# GPU-Z RTX 3090 (and 3080) SRC voltage (Power plane source power) readings?



## Falkentyne (Dec 5, 2020)

Hi, in GPU-Z, the PWR_SRC voltage is around 12.5v at idle, but this voltage rises at load --13v--14v, etc, and can go up to 15v!  
Is this a bug or erroneous reading?  Or is it actually 15v?  There seems to be no corresponding voltage in HWinfo64, just three "Misc" voltages which are all 12.3 to 12.45v, which drop down to around 12.0-12.1v at heavy load.

What is this 15v reading and what's it doing?


----------



## Elementaler (Dec 8, 2020)

Hello, I am having similar issue here. I am using ASUS TUF RTX 3080 OC, and the PWR_SRC voltage will reach 12.7 V max at full load in gaming. Is this a normal phenomenon? 

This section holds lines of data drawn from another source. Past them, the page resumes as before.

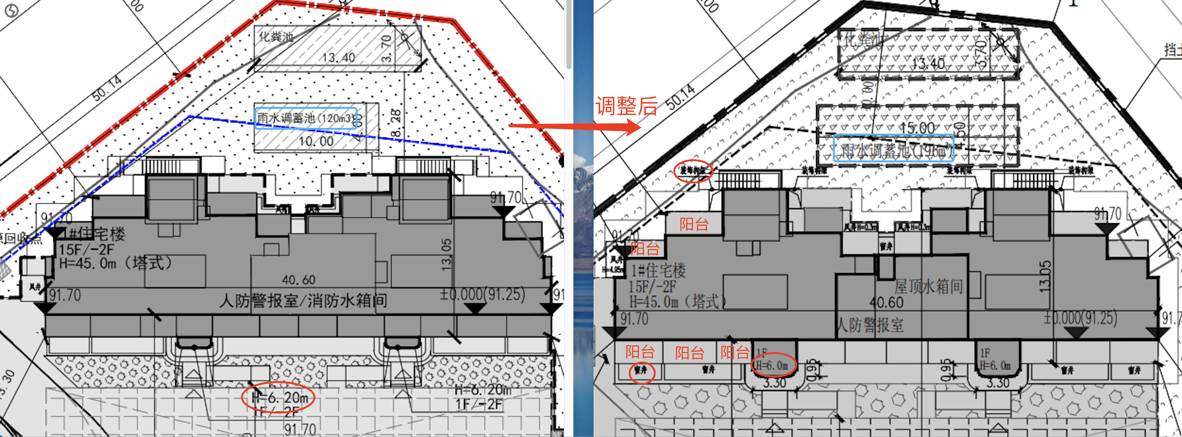3、小区北侧雨水调蓄池容量由原来的120立方,增至196立方。
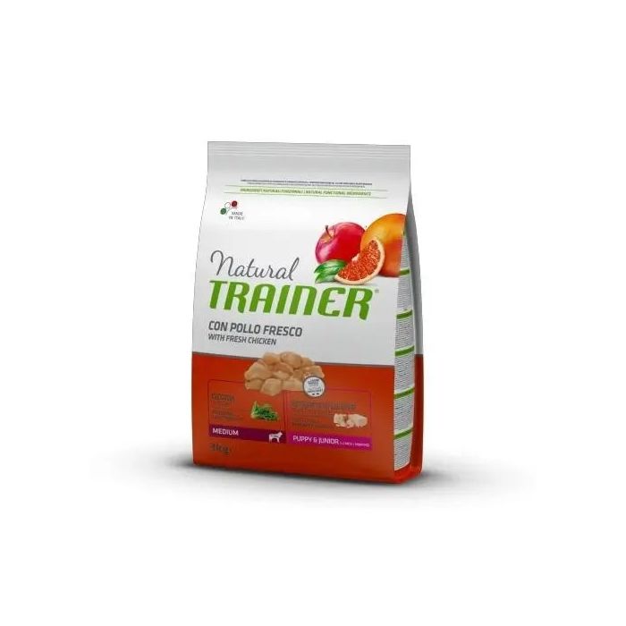Natural Trainer Adul Medium es un pienso para perros de talla media que cuenta con el sistema Novafoods Protein para preservar el valor nutritivo de la carne, mejorando su digestión y la asimilación de los aminoácidos esenciales. El perro de tamaño medio es un animal equilibrado capaz de adaptarse a condiciones de vida muy diversas. La elección de una alimentación de tipo funcional permite mejorar el estado de salud de tu mascota a nivel general. La nueva fórmula de Natural Trainer para perros medianos incorpora un porcentaje mayor de carne fresca y limita los cereales. Entre los ingredientes principales de esta receta de Natural Trainer se dan cita el extracto de manzana, fundamental para prevenir la formación de la placa dental y de la caries. Sin colorantes, conservantes ni saborizantes artificiales añadidos. En el desarrollo del sistema inmunitario juega un papel protagonista el nucleósido extracto de levadura. Natural Trainer Medium Chicken integra, además, los prebióticos y la fibra vegetal, los cuales velan por el correcto funcionamiento del aparato digestivo. Además, el alga espirulina es la encargada de resaltar el color del manto. VENTAJAS: Pienso para perros de talla media. El aloe vera aporta una acción regeneradora. Mejor asimilación de los aminoácidos esenciales y mejor digestión gracias a su sistema Novafoods Protein. Previene la formación de la placa dental y de la caries. Desarrollo del sistema inmunitario. Buen funcionamiento del aparato digestivo. Resalta el color del manto. Protege los cartílagos y las articulaciones de tu mascota. Sin colorantes, conservantes ni saborizantes artificiales añadidos. USO Y ESPECIFICACIONES: Diseñado para perros adultos de talla mediana.Con el sistema Novafoods Protein de Natural Trainer Adult Medium Chicken tu mascota mejorará su digestión y la asimilación de los aminoácidos esenciales.
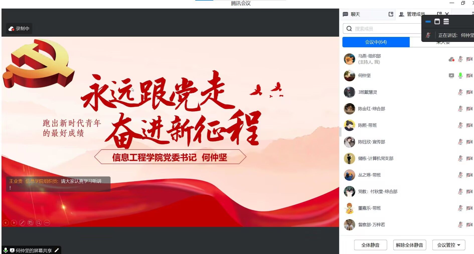 于线上开展党支部工作业务培训会,本次会议由院党委书记何仲坚主讲,党教中心全体成员、2023级带班党员、各支部支委参会。

And I was encountering random stuttering in games, specifically Monster Hunter World, the game runs well most of the time, but when it started to stutter, it will stutter throughout the remaining game session, even at low demand scene. I am running at 4k max present on this game using an AMD 3900x, so I believe this issue is not CPU related. And I saw from GPU-Z that whenever it stutters, the perfcap reason is VRel and VOp, is this anything related to the weird stuttering?


----------



## Falkentyne (Dec 25, 2020)

Wow, 3 weeks and still no reply except one person asking about this?
I am assuming PWR_SRC is "Input Power Plane Source", but what is this voltage in HWinfo64?  There are three "misc" input voltages (misc1, 2, 3) but all three are around 1.23-1.236v idle and 12.025v load, and don't seem to correspond to what GPU-Z is showing.


----------



## critofur (Dec 28, 2020)

I have a 3080 and recently started using GPU-Z and my PWR_SRC Voltage is at 12.0 V  95% or more of the time, very rarely going to 12.1 V.  Whether under "desktop use" or gaming.

Elementaler: I recommend undervolting by adjusting the voltage curve in AfterBurner - there are quite a few guides online, both discussions and YouTube videos.  For my 3080, I've set it to max out at 850mV/1800Mhz, an +300 to RAM.  Seems to work well, but, I hope to do further tweaking and perhaps figure out how to lower the ~36 Watts power consumption during "desktop" use such as web browsing.


----------